What is a non-mathematical explanation for the Big O of recursive fibonacci?
A good number of naive recursive functions have exponential complexity, so this is good intuition to keep in mind.
Consider this function:
function fiboR1(n){
if( n === 0 || n === 1 ){
return n;
} else if ( n >=2 ){
return fiboR1(n-1) + fiboR1(n-1);
}
}
Okay, so fiboR1
doesn't actually compute the Fibonacci sequence. That doesn't matter. Notice that its asymptotic complexity will be at least that of fiboR
. This is because the two recursive calls to fiboR1(n-1)
are more expensive than one call to fiboR(n-1)

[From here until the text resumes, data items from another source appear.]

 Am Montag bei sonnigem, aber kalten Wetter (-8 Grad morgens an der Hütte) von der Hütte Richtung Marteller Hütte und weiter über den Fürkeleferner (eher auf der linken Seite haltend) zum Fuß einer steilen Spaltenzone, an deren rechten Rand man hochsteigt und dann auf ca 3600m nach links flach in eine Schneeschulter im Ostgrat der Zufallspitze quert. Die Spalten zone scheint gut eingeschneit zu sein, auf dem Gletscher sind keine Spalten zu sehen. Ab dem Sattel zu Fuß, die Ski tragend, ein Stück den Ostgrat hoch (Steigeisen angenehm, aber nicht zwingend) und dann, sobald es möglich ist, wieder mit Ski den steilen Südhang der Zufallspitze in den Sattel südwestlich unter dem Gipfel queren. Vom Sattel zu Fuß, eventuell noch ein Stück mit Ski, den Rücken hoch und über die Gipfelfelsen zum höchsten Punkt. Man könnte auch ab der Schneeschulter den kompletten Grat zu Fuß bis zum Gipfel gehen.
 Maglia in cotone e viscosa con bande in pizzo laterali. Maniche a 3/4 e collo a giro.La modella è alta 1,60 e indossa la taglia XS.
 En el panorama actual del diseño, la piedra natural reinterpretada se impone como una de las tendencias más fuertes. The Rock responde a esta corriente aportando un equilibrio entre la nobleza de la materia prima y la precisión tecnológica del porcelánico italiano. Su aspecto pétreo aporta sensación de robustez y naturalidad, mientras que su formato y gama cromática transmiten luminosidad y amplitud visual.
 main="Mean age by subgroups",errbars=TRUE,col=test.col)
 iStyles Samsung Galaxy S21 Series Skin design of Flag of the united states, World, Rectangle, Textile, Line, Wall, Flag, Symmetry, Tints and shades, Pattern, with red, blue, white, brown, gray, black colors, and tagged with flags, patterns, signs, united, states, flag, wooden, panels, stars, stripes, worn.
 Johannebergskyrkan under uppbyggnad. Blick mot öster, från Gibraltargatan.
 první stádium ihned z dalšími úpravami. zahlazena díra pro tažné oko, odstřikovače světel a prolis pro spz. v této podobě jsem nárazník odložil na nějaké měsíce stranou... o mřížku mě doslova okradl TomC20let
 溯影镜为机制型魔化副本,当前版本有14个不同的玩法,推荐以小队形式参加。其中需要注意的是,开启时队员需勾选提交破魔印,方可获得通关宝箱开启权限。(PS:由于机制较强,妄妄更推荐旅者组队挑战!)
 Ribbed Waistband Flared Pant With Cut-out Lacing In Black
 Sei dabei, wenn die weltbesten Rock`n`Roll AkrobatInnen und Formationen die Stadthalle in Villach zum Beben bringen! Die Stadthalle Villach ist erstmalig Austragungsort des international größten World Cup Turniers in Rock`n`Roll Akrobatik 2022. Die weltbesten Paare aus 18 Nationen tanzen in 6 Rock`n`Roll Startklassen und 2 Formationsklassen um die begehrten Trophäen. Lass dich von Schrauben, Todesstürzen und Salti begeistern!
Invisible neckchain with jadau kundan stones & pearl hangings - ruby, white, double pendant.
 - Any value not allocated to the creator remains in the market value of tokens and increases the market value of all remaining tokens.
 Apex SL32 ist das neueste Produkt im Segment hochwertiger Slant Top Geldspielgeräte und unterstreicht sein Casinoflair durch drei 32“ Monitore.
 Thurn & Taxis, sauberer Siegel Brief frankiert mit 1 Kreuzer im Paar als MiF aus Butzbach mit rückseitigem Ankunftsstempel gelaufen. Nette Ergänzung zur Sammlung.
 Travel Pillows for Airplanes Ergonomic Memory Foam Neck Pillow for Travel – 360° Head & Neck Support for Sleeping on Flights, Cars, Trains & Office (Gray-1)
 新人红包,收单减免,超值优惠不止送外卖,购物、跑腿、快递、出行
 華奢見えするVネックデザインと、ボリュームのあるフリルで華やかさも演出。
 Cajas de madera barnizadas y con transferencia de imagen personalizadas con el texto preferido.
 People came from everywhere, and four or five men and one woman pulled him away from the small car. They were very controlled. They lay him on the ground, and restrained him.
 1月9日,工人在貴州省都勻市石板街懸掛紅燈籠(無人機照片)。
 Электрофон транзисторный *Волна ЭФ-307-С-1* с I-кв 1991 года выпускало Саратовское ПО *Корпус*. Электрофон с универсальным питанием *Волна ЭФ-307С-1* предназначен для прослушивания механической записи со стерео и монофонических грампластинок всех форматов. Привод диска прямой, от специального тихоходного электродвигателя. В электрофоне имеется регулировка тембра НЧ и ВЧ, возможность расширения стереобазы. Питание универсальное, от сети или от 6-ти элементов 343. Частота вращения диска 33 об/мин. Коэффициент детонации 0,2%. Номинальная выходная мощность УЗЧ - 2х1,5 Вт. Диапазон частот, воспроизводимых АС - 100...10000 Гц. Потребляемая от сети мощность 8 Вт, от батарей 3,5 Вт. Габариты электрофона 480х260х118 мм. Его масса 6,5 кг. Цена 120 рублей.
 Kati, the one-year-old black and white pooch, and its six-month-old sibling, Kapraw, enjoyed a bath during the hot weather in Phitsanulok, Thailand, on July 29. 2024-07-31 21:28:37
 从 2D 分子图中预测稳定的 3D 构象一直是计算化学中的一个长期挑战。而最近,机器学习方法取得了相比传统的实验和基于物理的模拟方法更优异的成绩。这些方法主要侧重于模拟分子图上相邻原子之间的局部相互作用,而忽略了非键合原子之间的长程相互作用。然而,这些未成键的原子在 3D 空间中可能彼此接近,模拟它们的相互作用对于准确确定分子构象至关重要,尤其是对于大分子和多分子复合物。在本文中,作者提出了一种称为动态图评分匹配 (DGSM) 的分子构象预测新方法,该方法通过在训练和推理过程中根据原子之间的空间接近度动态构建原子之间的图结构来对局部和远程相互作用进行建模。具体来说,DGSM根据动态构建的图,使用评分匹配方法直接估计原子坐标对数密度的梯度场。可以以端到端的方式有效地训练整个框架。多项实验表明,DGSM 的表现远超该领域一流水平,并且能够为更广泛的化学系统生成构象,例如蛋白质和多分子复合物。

and one call to fiboR(n-2)
. So let's think about what the complexity of fiboR1
is.
Let's consider an example call to fiboR1(100)
.
fiboR1(100) = 2 * fiboR1(99)
= 4 * fiboR1(98)
= 8 * fiboR1(97)
= 16 * fiboR1(96)
= 32 * fiboR1(95)
= 64 * fiboR1(94)
...
See the pattern now? We have O(2^n)
recursive calls to fiboR1
, and each call is a constant time branch. So fiboR1
is O(2^n)
, which means that by extension, fiboR
is also O(2^n)
, as big-O is an upper-bound function.
If you know the closed form for the Fibonacci sequence, we can also just do this example for fiboR
directly. Let's consider fiboR(100)
:
fiboR(100) = fiboR(99) + fiboR(98)
= 2 * fiboR(98) + fiboR(97)
= 3 * fiboR(97) + 2 * fiboR(96)
= 5 * fiboR(96) + 3 * fiboR(95)
= 8 * fiboR(95) + 5 * fiboR(94)
= 13 * fiboR(94) + 8 * fiboR(93)
...
The number of recursive function calls follows the Fibonacci sequence. The closed form for the Fibonacci sequence is exponential in n
. In fact, it is O(((1+sqrt{5})/2)^n)
, which is about O(1.6^n)
.
It is simple to calculate by diagraming function calls. Simply add the function calls for each value of n and look at how the number grows.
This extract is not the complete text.